Il y a une petite formule que j’aime bien, elle dit que la bonne volonté, c’est bien, mais ce n’est encore pas la volonté bonne ! En effet David est plein de bonne volonté et ça nous touche, mais pour autant cette bonne volonté n’est pas encore une volonté parfaitement bonne, parfaitement ajustée à ce que Dieu attend de David et au-delà de David, de chacun de nous. Et c’est pour cela que Dieu va remettre David en place, c’est-à-dire qu’il va le remettre à sa juste place. C’est un peu comme si Dieu disait à David : n’inverse pas les rôles ! Ce n’est pas à toi de chercher ce qui est bon pour moi, c’est à toi d’accueillir ce que, moi, je veux te donner de bon. Ou dit autrement : arrête de toujours vouloir faire des choses pour moi et accepte de me laisser faire, de te laisser faire.

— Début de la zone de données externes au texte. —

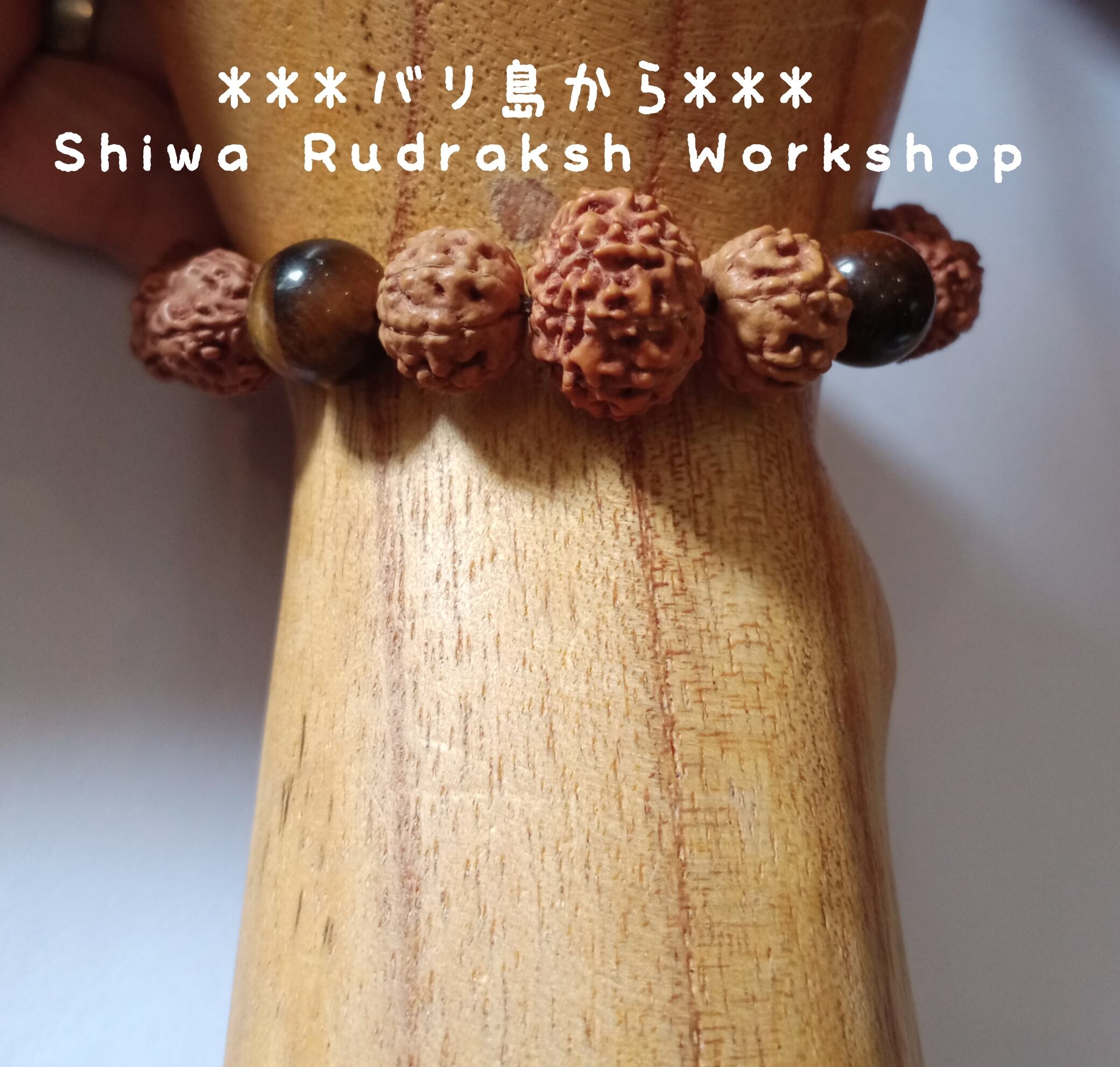 天秤座、山羊座、水瓶座さんオススメの「6&7面ルドラクシャ」を真ん中に、「タイガーアイ」で挟みました。

Que de fois, il peut nous arriver d’être dans la même attitude que David. Que de fois où, poliment bien, sûr, nous voulons nous occuper de Dieu. Il peut nous arriver de penser que nous, nous savons très bien ce qu’il faudrait faire dans telle ou telle situation et nous le disons à Dieu. Encore une fois c’est discret, c’est poli, mais c’est réel et donc parfaitement tordu !
Quant à l’Evangile, il nous a fait entendre les premières paroles de Zacharie quand il sort de ce silence que Dieu lui a imposé pour qu’il ait le temps de s’ajuster à sa volonté. Que c’est beau un homme qui parle après une belle cure de silence ! C’est sans doute aussi vrai pour les femmes ! Car ces premières paroles de Zacharie, elles sont devenues une prière qui nourrit la prière de l’Eglise, chaque matin, puisque nous les prions à la fin de l’office de Laudes. Chaque matin, ces paroles nous invitent à la louange en mettant ces mots sur nos lèvres : Béni soit le Seigneur ! Que j’ai bien dormi ou pas, que je sois en forme ou pas, je commence ma journée en bénissant le Seigneur et c’est un grand bienfait ! Et pourquoi pouvons-nous le bénir chaque matin ? L’hymne en donne la raison fondamentale : parce qu’il nous a donné le Salut. Si, chaque jour, nous pouvons le bénir pour ce don du Salut, aujourd’hui nous pouvons le faire de manière toute particulière puisque, c’est aujourd’hui, en cette nuit, que nous allons faire mémoire du 1° Noël, grande fête du Salut.
Par l’intercession de Notre Dame de Laghet, demandons la grâce d’entrer dans cette joie profonde.